Republican Attorney General Candidate Leighton Lord is at it again. After insulting law enforcement officers and prosecutors around the state with a mail piece that touted Lords alleged “law enforcement experience,” the Lord campaign is now running radio ads touting Lord’s law enforcement experience and training. Lord himself talks about how he went after organized crime and terrorism.
Those ads sound oh so good. It is amazing what a wealthy lawyer can do with his own money and his father in law’s wealthy contacts. However, no amount of money can distract from the facts. As President John Adams once said when he was practicing law, “facts are stubborn things.”
The fact is the law enforcement experience that the Lord Campaign touts did not come from prosecuting the bad guys or being on the front lines arresting the bad guys. Lord reaches yet again to make himself to be something he is not by touting his time as a counsel to a Congressional committee as law enforcement experience.
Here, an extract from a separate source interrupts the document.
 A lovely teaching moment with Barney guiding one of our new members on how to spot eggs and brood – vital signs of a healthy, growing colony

Perhaps Lord did do important work while as counsel to that Congressional committee. But, to compare that work to the work that prosecutors and cops do is insulting to both. We at VUI have relatives and close friends who do that work. We know firsthand lawyers who work tirelessly for relatively low pay to put the bad buys away. We know firsthand cops who walk up all alone to the car stopped on some interstate. Frankly, we at VUI wonder how Leighton Lord can look a police officer in the eye in good conscious and tell them that working as a committee lawyer makes him law enforcement.
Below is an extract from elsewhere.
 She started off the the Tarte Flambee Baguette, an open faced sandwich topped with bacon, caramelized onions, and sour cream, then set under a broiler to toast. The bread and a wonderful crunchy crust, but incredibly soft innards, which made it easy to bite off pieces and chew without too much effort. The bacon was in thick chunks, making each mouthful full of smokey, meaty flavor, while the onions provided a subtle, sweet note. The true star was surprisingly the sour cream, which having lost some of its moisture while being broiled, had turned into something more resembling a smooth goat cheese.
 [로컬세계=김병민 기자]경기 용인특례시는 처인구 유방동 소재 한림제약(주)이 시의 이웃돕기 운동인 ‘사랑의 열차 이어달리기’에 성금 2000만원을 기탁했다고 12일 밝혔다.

What is puzzling is why Leighton Lord’s campaign seems bent on so stretching his resume. Lord has a strong resume and contacts, especially through his in laws, which would seem to be enough. Indeed, in the earlier stages of the Attorney General’s race, Lord contended that criminal prosecution was not all that important. He touted his record as a manager of one of the state’s most powerful law firms. That made sense.
Now the Lord campaign wants to take the brief time Lord spent working for a Congressional committee and turn that into real law enforcement experience. That is a big mistake and makes no sense. It is insulting to career prosecutors and it is insulting to the men and women who are on the front lines of law enforcement.
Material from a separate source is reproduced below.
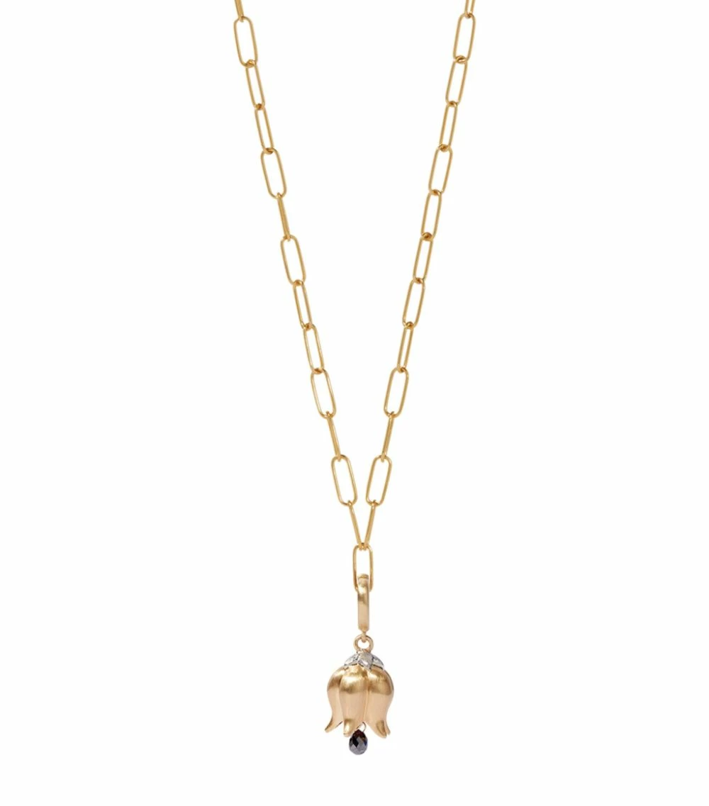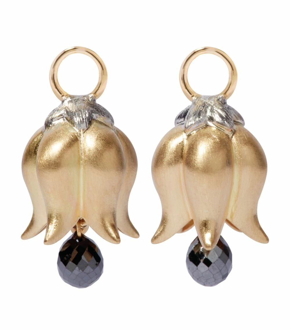Inspired by Annoushka’s love of nature and colour, these dainty earrings adopt a sweet tulip silhouette, revealing two miniature freshwater white pearls within the downward blooms. Set in 18-karat yellow gold for complete romanticism, the interchangeable design is made to be worn alone or stacked with alternative hoops and drops.

Perhaps the consultant advising Lord has convinced him that stretching the resume will not be noticed. Perhaps the Lord Campaign thinks we are too dumb to read resumes and asks questions. But, those of us who have family and dear friends on the front lines of law enforcement are insulted. We know firsthand that working as the counsel for some Congressional committee is not like prosecuting a bad guy or walking up all alone to a car on some interstate. Money cannot buy that real world perspective about what people we care about deal with. Those people deserve respect for the jobs that they do, not someone whose campaign pretends he has done the job to get some votes.
If Lord had stuck to his true resume, perhaps he would have better standing in the eyes of VUI. But, when his campaign stretched and portrayed him as having real law enforcement experience, Lord lost us and frankly, ticked us off. Lord’s campaign ought to be ashamed.